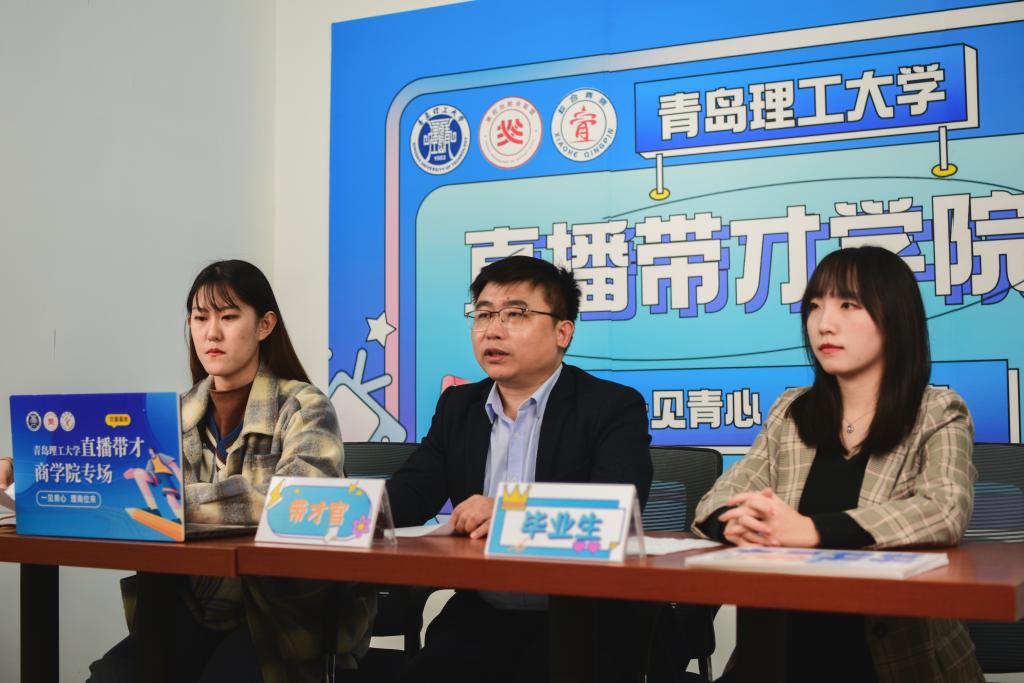 直播伊始,商学院院长云乐鑫就化身“主播”,首先对用人单位长期以来对学校就业工作的支持表示衷心感谢,并向大家详细介绍了商学院发展概况以及毕业生生源情况,向参与直播的企业HR们传达了2023届毕业生们的求职需求。随后,薛诚、石路捷、周丽等三位毕业生辅导员分别作为带才官,在镜头前为学生“代言”,结合用人单位需求向企业直播荐才。18名商学院应届毕业生先后做客直播间,通过云上“自我推荐”,与企业隔空交流并达成初步就业意向。在最后的校企互动环节,三位就业辅导员积极回应企业提问,与参与直播企业建立友好关系。“这次直播活动为我提供了一个展示自我的舞台,很庆幸自己能够抓住这次机会,非常感谢辅导员老师们的鼓励,让第一次直面镜头的我拥有了更多的自信,这次经历也为我之后的求职面试打下了一个坚实的基础”来自财管192班的毕业生范昭君这样说到。
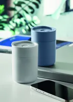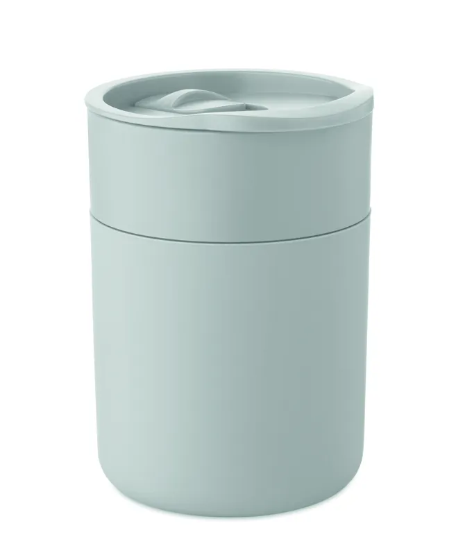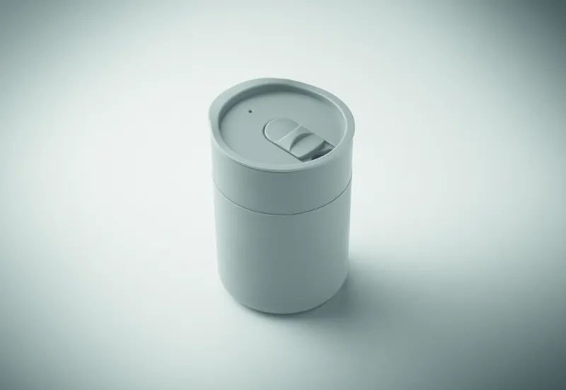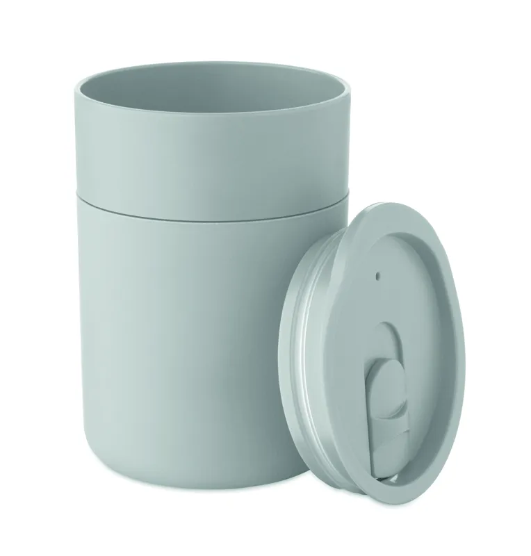 PP pohár szilikon tokkal és csúsztatható PP fedéllel. Űrtartalom: 330 ml. Mivel ez egy szimplafalú pohár, hőátadás előfordulhat.
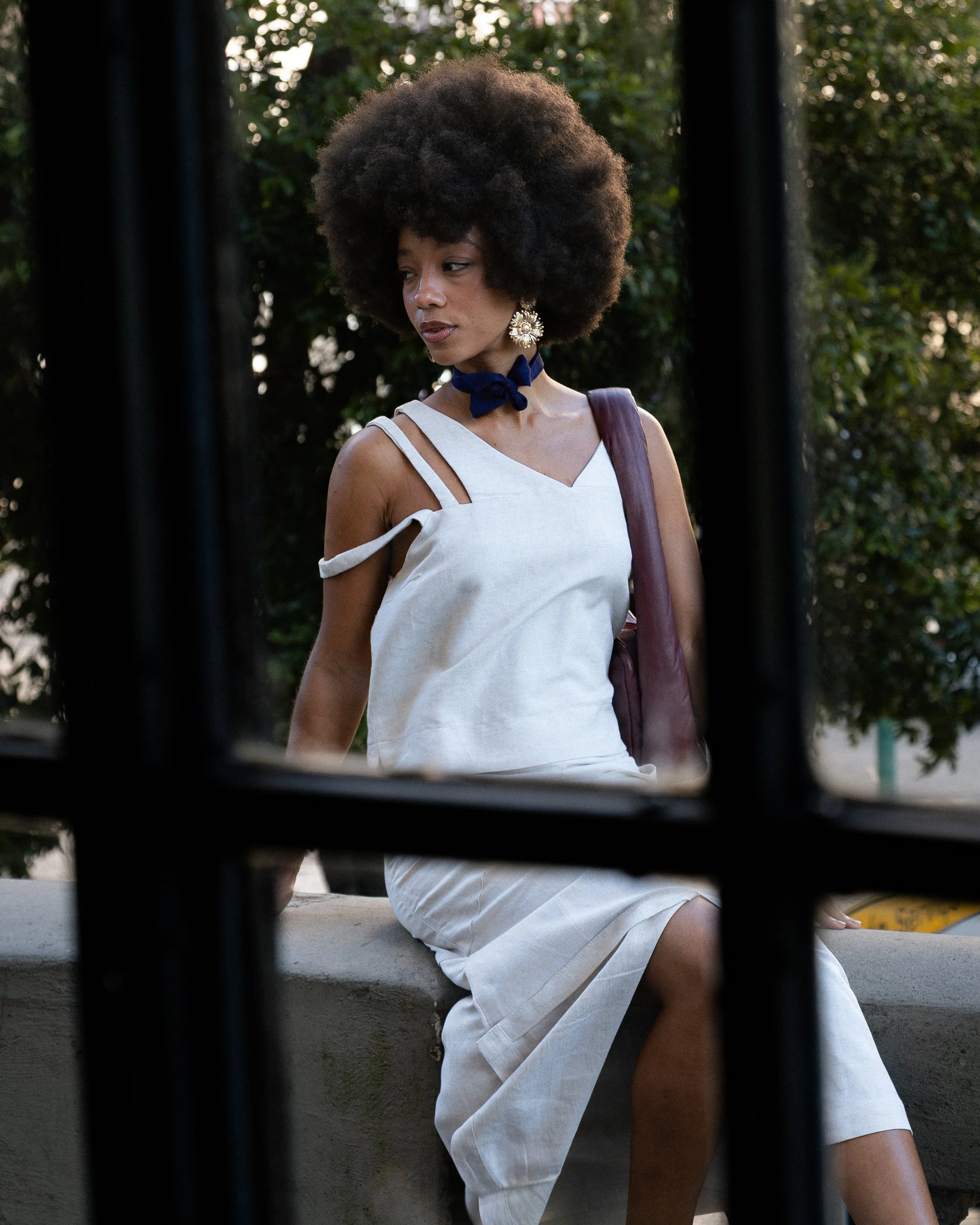 Mulher negra de cabelo afro, vestindo vestido branco com ombros expostos e acessórios dourados, sentada em um muro com árvores ao fundo
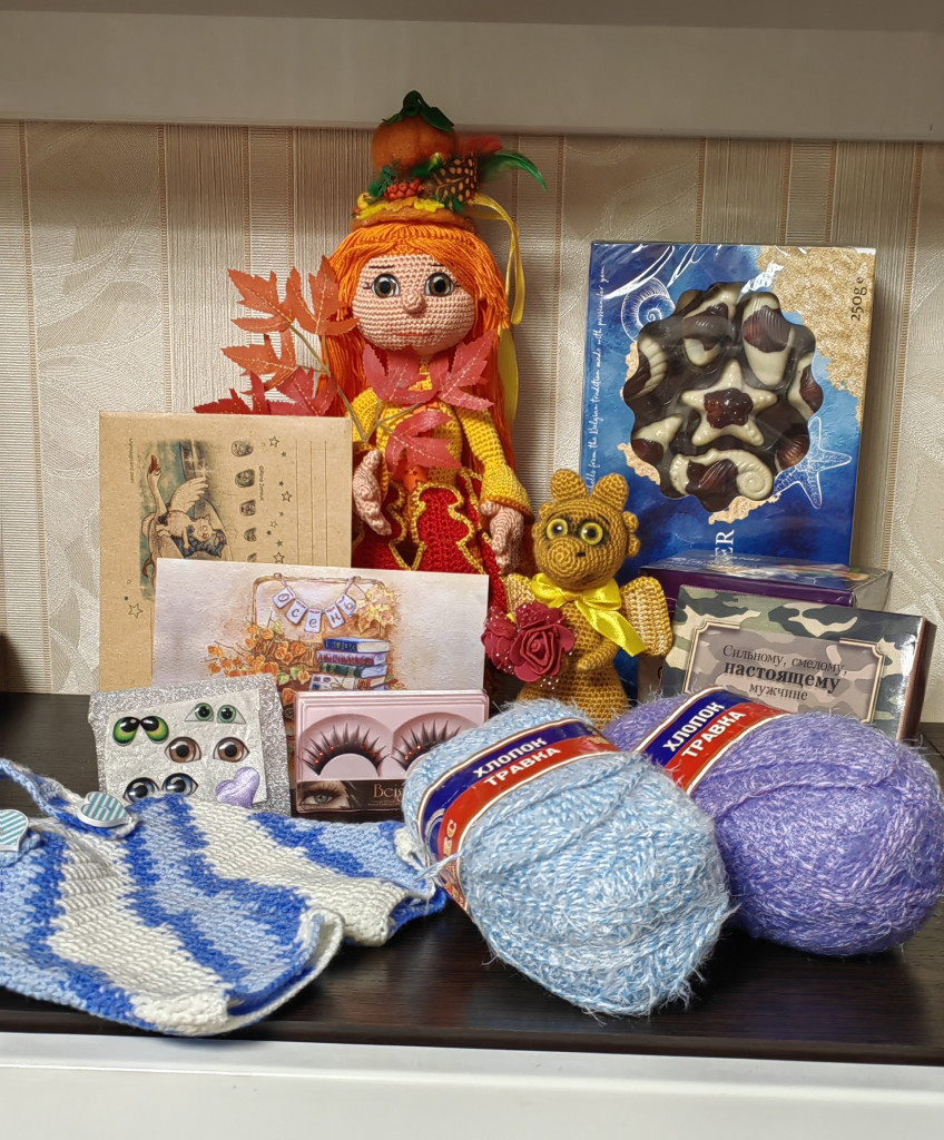 Светочка, спасибо тебе огромное за такую яркую, по настоящему осеннюю игольницу. Светлана просто, как осенним листопадом, засыпала меня подарками. Я даже не ожидала такого количества игрушек! Пряжи и хомячих радостей. ох, теперь мой сад- огород просто будет утопать в цветах, а я каждый день буду любоваться ими и вспоминать наши обмены и Светочку

Problem to work on: The lines from the one containing "Mulher negra de" through the last line above are to be repeated exactly, and only those. Any pictures must be left out.

Solved exercise:
 Mulher negra de cabelo afro, vestindo vestido branco com ombros expostos e acessórios dourados, sentada em um muro com árvores ao fundo
 Светочка, спасибо тебе огромное за такую яркую, по настоящему осеннюю игольницу. Светлана просто, как осенним листопадом, засыпала меня подарками. Я даже не ожидала такого количества игрушек! Пряжи и хомячих радостей. ох, теперь мой сад- огород просто будет утопать в цветах, а я каждый день буду любоваться ими и вспоминать наши обмены и Светочку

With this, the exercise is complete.